With the heat index sweating over 100 degrees, running the food dehydrator in the house was contributing too much heat. Grumbling, I hefted the big box out to the garage. I set it up and then hurried indoors to fetch trays of cut fresh peppers. Over the next few hours the pepper juices would be driven off leaving me tiny red and yellow bell pepper fragments.


Today, the temperatures are much better but taking no chances, the garage remains a food drying center.  I am declaring mission accomplished when todays trays of dried sliced mushrooms and chunked chicken breast are pulled out.

They will join bags of dried wild and domestic mushrooms, dried tomato pasta sauce, sweet potatoes, onions, venison burger, shrimp, peas, corn, cooked basmati rice bananas and blueberries that are staged in a big box awaiting to be assigned to the proper meal bag.

A highlight of any lengthy camping excursion to a remote area includes careful food planning. Carbohydrates and calories are necessary. Spices sparkle the mundane. Sweets, even a mere taste, are savored, and for me, essential.

A good Yukon friend once shared two great tips for camp and domestic meals. One is to provide as quick squeeze or spritz of citric on any dish just before serving. And listen closely as your collective of tastes buds exclaim joyous surprise. The second tips is to put something a little spicy hot beneath a meat serving.
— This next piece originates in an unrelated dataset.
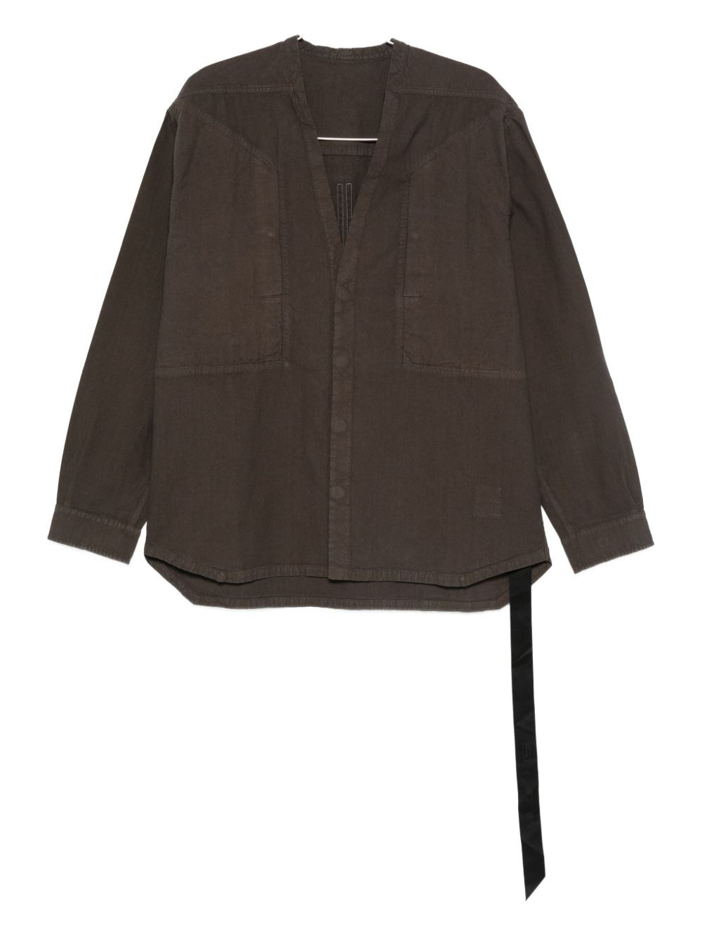 button-fastening cotton shirt Highlights - Brown - V-neck - Button fastening - Long sleeves - Patch pockets - Black tie belt Made in Italy Composition Cotton 100% Washing instructions Read Manufacturer Guidelines

Listen again as the taste buds sing praises of Diablo. (At home adding a gentle pillow of yogurt with the heat is a sensorial treat.)

Whether it is paddling in the flow of a remote river, along a chain of lakes, backpacking a range of mountains or cycling across longitudes, food becomes an obsession. I can’t tell you how many hours I have paddled discussing the upcoming camp meal with my paddling partner. Another foodie favorite topic is to make a case for the first meal I am going to treat myself to when we get back to civilization. It often includes ice cream or a cold beer.
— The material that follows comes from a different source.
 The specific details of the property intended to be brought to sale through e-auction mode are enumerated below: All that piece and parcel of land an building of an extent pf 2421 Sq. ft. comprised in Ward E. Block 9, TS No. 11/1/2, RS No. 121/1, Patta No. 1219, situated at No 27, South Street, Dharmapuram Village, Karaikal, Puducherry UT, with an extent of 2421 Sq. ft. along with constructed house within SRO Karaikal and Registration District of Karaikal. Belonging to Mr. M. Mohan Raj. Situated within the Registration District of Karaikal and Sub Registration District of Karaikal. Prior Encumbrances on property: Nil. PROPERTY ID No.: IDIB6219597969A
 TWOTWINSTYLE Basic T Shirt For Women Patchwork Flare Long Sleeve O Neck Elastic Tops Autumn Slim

Expeditions have tragically failed with poor food planning. Food is fuel and without it the trip can break down quickly with morale sinking and physical strength weakening.

Paired with the unplanned, such as sudden harsh weather (i.e. blizzard), equipment breakdown (i.e. crumpled canoe) food stores can be tragically compromised.

British polar explorer John Franklin on his first arctic expedition, known as the Coppermine Expedition was an overland trek that spanned the years 1819-1822. The expedition carried minimal food expecting to find plenty of game. In the second year of their trek, they were forced to overwinter. The voyageurs were not good hunters and caribou and other game was scarce. They were forced to boil and eat, lichens, their buffalo sleeping robes and even leather boots. Ten men died. And from that low point on, Franklin was often referred to as the “man who ate his boots.”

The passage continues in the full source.